= Mary Wills (costume designer) =

American costume designer (1914–1997)

Mary Wills (July 4, 1914 – February 7, 1997) was an American costume designer.

Wills was born in Prescott, Arizona. In the 1930s, her family moved to Albuquerque, New Mexico.

Willis studied at the University of Arizona before completing her bachelor's degree at the University of New Mexico. She began her career creating sets and costumes at the University of New Mexico in Albuquerque. She went on to earn a master's degree at the Yale University Art and Drama School.

Her first job in Hollywood was working as a sketch artist on Gone with the Wind.
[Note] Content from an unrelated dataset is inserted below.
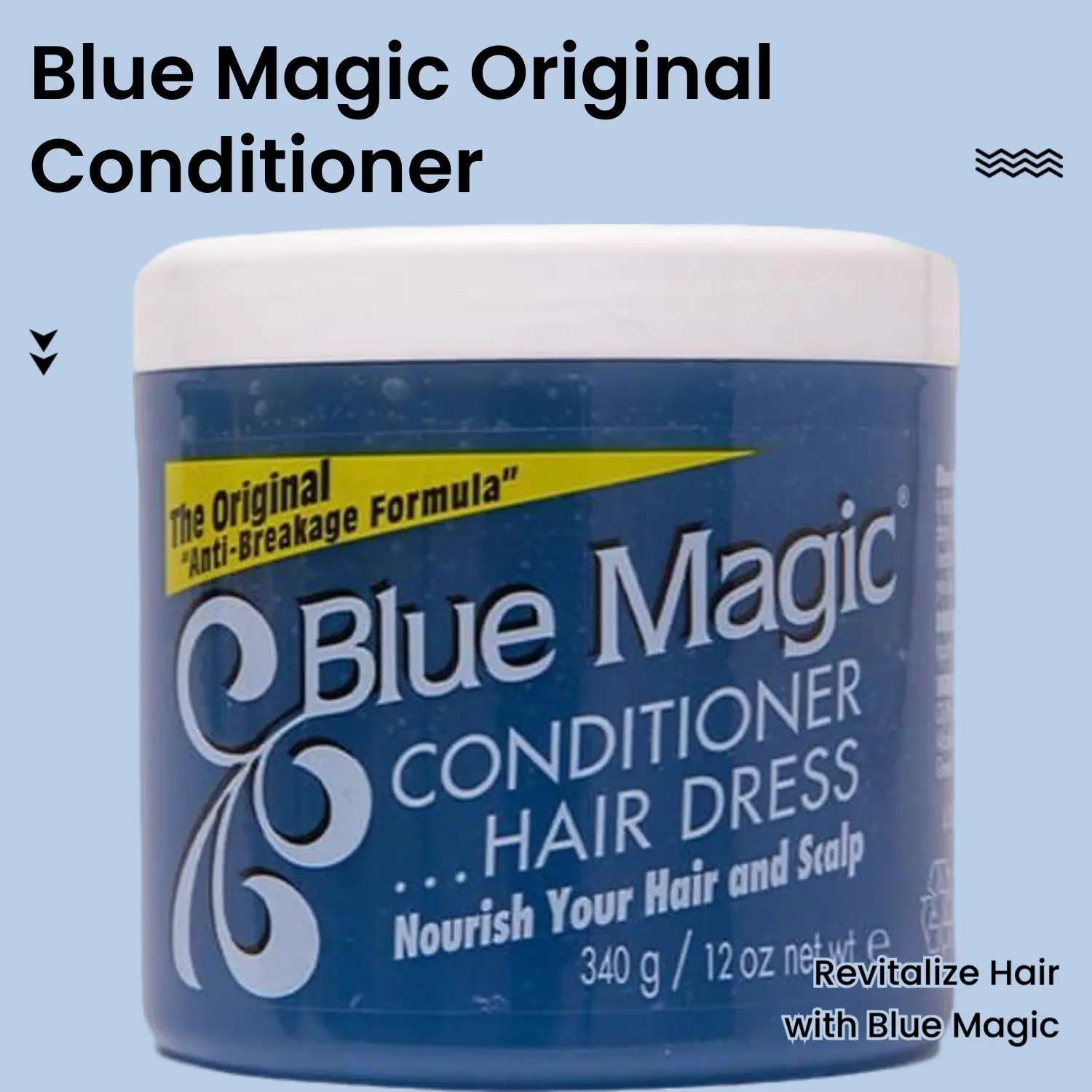 Nourish your hair with Blue Magic Original Conditioner! This leave-in formula fights anti-breakage, ensuring your hair stays lustrous. It prevents dryness and split ends without greasy residue. Perfect for daily use, it conditions hair and scalp for extended periods.

She was nominated for an Oscar seven times, earning the Academy Award for her colorful designs for The Wonderful World of the Brothers Grimm in 1962. In addition to designing for film, she has also worked on live shows, including Shipstads & Johnson's Ice Follies and the New Buffalo Bill Wild West Show.

Wills died in Sedona, Arizona, at age 82 of renal failure. Her original sketches are part of the collection at Los Angeles County Museum of Art.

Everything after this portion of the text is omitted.